_WORK ITEM_
In the entries below, find the line with "After a pleasant, if" and the line with "Deze poster van". Print those two and everything between them exactly, and nothing else.
--- DATA FOR PROCESSING ---
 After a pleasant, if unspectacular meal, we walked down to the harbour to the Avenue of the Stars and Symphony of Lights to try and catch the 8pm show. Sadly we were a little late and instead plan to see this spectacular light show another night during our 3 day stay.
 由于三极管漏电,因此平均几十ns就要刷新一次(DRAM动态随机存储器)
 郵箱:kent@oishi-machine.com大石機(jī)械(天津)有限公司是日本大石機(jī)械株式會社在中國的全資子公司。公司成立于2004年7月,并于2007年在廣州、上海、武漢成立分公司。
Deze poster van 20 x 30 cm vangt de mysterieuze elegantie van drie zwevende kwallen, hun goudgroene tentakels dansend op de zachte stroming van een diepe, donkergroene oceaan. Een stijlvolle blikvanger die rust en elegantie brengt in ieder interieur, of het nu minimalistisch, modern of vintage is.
---
--- DATA FOR PROCESSING ---
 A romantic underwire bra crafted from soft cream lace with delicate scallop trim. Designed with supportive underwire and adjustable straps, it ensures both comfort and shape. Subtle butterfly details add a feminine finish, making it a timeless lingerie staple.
---
--- DATA FOR PROCESSING ---
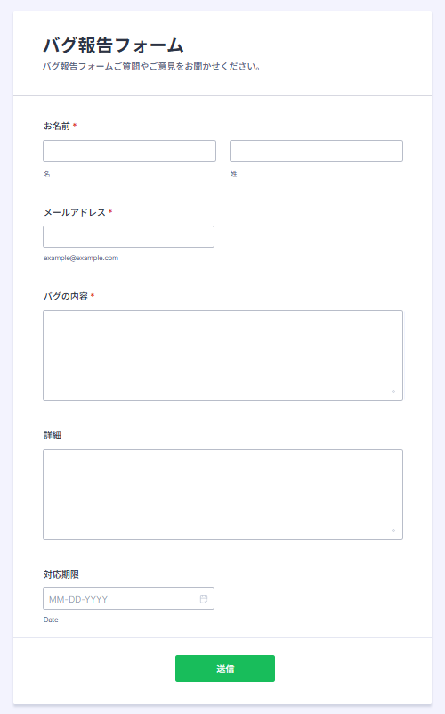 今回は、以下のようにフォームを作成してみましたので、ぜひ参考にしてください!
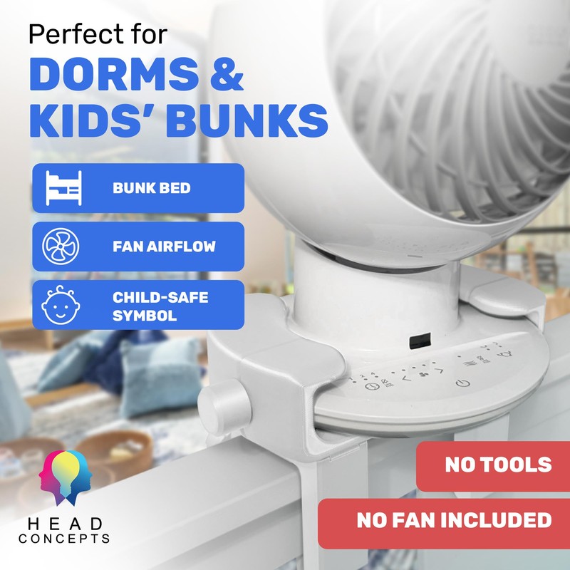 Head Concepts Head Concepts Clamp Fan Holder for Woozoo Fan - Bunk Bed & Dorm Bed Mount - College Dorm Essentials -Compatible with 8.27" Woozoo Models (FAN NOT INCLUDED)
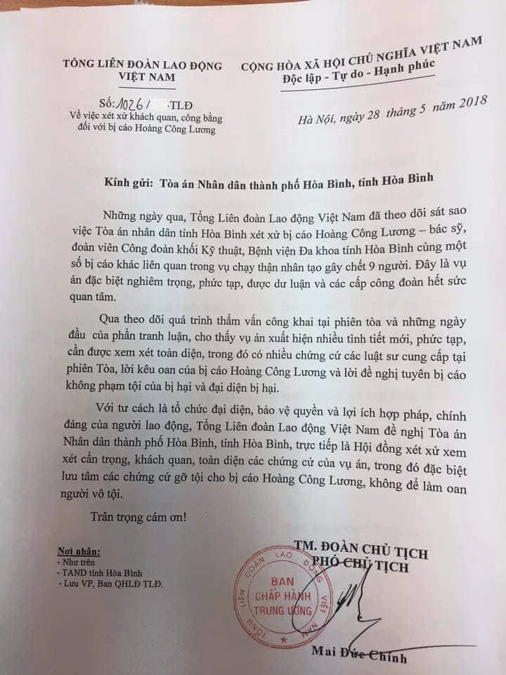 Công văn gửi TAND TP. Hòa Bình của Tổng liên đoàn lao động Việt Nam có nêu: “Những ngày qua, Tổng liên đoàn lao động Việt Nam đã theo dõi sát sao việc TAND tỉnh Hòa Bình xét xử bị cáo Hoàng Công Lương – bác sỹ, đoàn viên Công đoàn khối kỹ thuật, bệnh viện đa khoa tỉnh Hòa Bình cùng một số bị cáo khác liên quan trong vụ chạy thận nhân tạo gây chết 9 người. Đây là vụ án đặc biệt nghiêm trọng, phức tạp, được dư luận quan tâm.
---
_ANSWER FOR THIS EXERCISE_
 After a pleasant, if unspectacular meal, we walked down to the harbour to the Avenue of the Stars and Symphony of Lights to try and catch the 8pm show. Sadly we were a little late and instead plan to see this spectacular light show another night during our 3 day stay.
 由于三极管漏电,因此平均几十ns就要刷新一次(DRAM动态随机存储器)
 郵箱:kent@oishi-machine.com大石機(jī)械(天津)有限公司是日本大石機(jī)械株式會社在中國的全資子公司。公司成立于2004年7月,并于2007年在廣州、上海、武漢成立分公司。
Deze poster van 20 x 30 cm vangt de mysterieuze elegantie van drie zwevende kwallen, hun goudgroene tentakels dansend op de zachte stroming van een diepe, donkergroene oceaan. Een stijlvolle blikvanger die rust en elegantie brengt in ieder interieur, of het nu minimalistisch, modern of vintage is.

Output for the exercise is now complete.